Find the area of each triangle ABC.


B = 124.5°, a = 30.4 cm, c = 28.4 cm

Verified step by step guidance
1
Identify the given elements: angle \(B = 124.5^\circ\), side \(a = 30.4\) cm (opposite angle \(A\)), and side \(c = 28.4\) cm (opposite angle \(C\)). We need to find the area of triangle \(ABC\).
Recall the formula for the area of a triangle using two sides and the included angle: \(\text{Area} = \frac{1}{2} \times b \times c \times \sin A\), where \(b\) and \(c\) are sides enclosing angle \(A\). Since we have angle \(B\), we can use the formula \(\text{Area} = \frac{1}{2} \times a \times c \times \sin B\) because sides \(a\) and \(c\) enclose angle \(B\).

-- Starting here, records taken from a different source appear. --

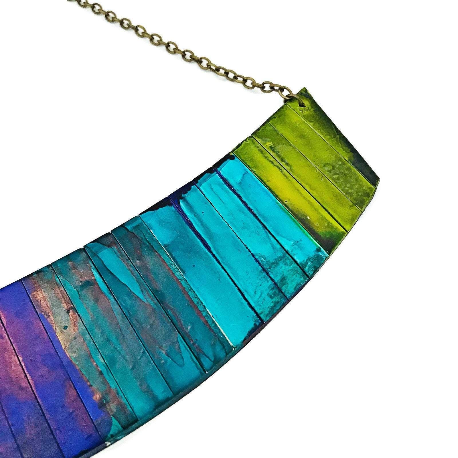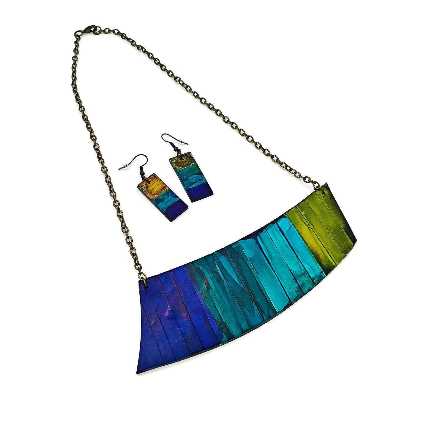 This statement jewelry set has an unique striped design features an ombre blend of colors. The necklace starts on one side with a yellowish green tone and at the other end is a dark cobalt blue. Both the necklace and earrings are lightweight and comfortable because they are handmade from polymer clay. The color was created by painting each piece with alcohol ink.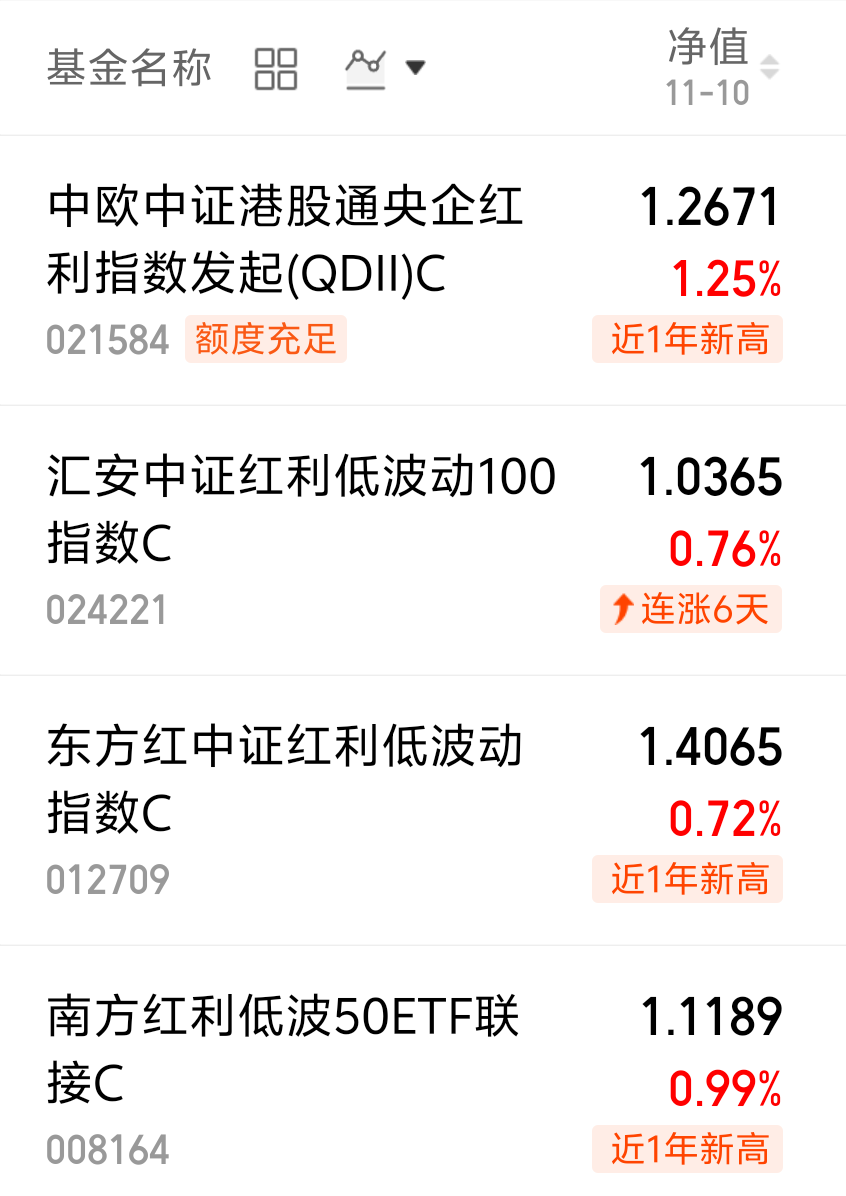 $中欧中证港股通央企红利指数发起(QDII)C(OTCFUND|021584)$今天涨了1.25%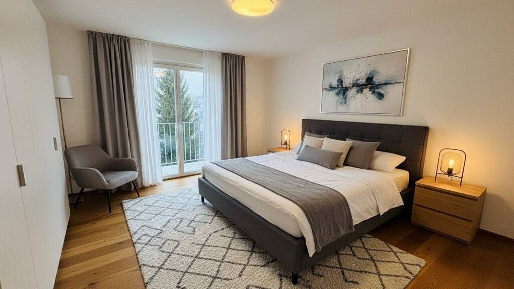 Die Wohnung beeindruckt durch zwei lichtdurchflutete Zimmer, die Ihnen ausreichend Raum für individuelle Gestaltung und Entfaltung bieten. Die großzügigen Fenster ermöglichen einen atemberaubenden Fernblick, der jeden Tag zu einem besonderen Erlebnis macht. Die modernen Fliesen und der stilvolle Parkettboden verleihen den Räumen eine elegante Note und sorgen für eine behagliche Atmosphäre.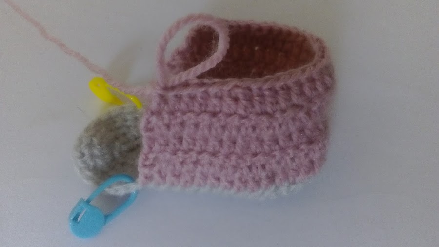 1-Enganchar hilo con una cadeneta justo en el punto después del lateral.En el primero de los 14 puntos que teníamos marcados.Hacer 3 vueltas de puntos bajos (14 puntos bajos, la primera cadeneta que hicimos se cuenta como primer punto)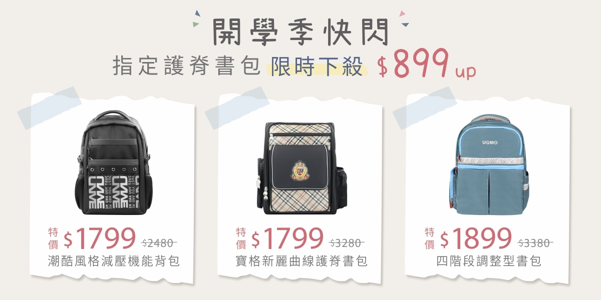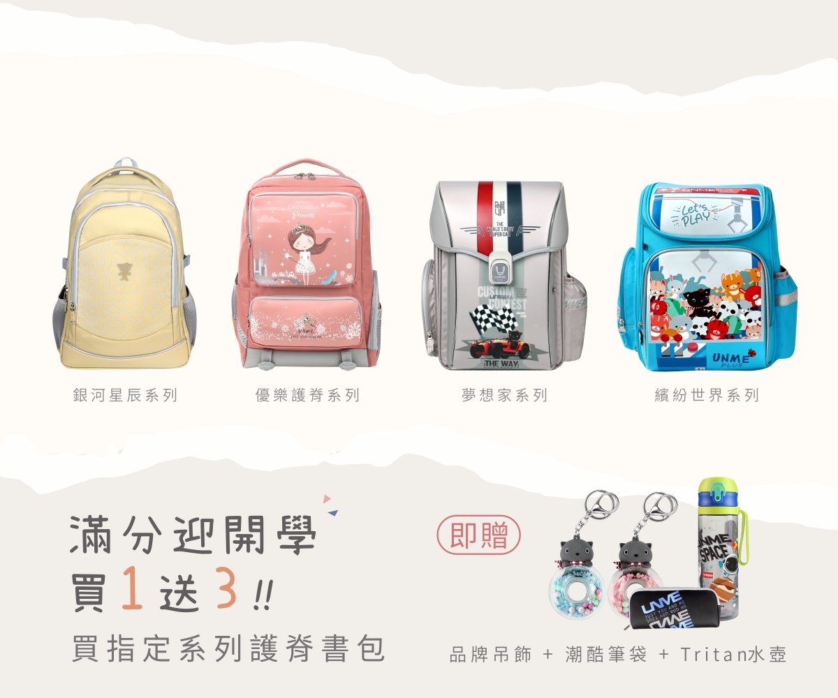 任選護脊書包,再送品牌吊飾+Tritan水壺+筆袋。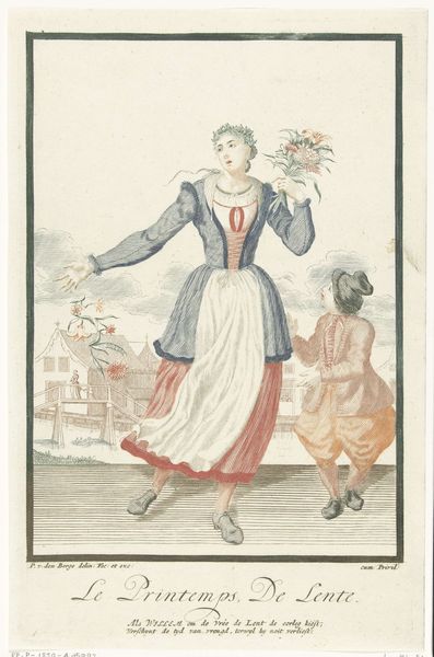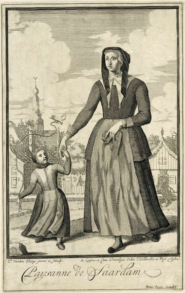 This print, *Boerin uit Zaandam*, shows a woman from Zaandam with her child, and was created by an anonymous artist. The image is made through engraving, a printmaking technique that involves cutting lines into a metal plate, inking it, and pressing it onto paper. The engraver's skill is evident in the intricate details of the woman's clothing, the folds and textures rendered with astonishing precision. Looking closely, you can see the lines that build up the image, cross-hatching to create areas of shadow and depth. The engraver has also captured the social identity of the figures. The woman’s clothing speaks volumes about her status and role in society. The labor involved in producing textiles and garments was immense. The choice of materials and the style of dress reflect the region's culture and economy. Understanding this print means looking beyond the image itself. Consider the labor and materials that went into making it, as well as the social context in which it was created. Only then can we appreciate the true depth and complexity of this artwork, and the ways in which it connects to the world around it.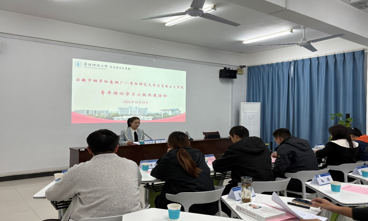 10月29日下午,我院与安徽中烟阜阳卷烟厂在201会议室联合举办“青年理论学习小组共建活动”。共建活动由宁小双老师主持,2025级学科教学(思政)专业硕士研究生参加共建活动。

Substitute the known values into the area formula: \(\text{Area} = \frac{1}{2} \times 30.4 \times 28.4 \times \sin 124.5^\circ\).
Calculate \(\sin 124.5^\circ\) using a calculator or trigonometric tables to find the sine of the given angle.
Multiply the values together: half of the product of sides \(a\) and \(c\), and the sine of angle \(B\) to find the area of triangle \(ABC\).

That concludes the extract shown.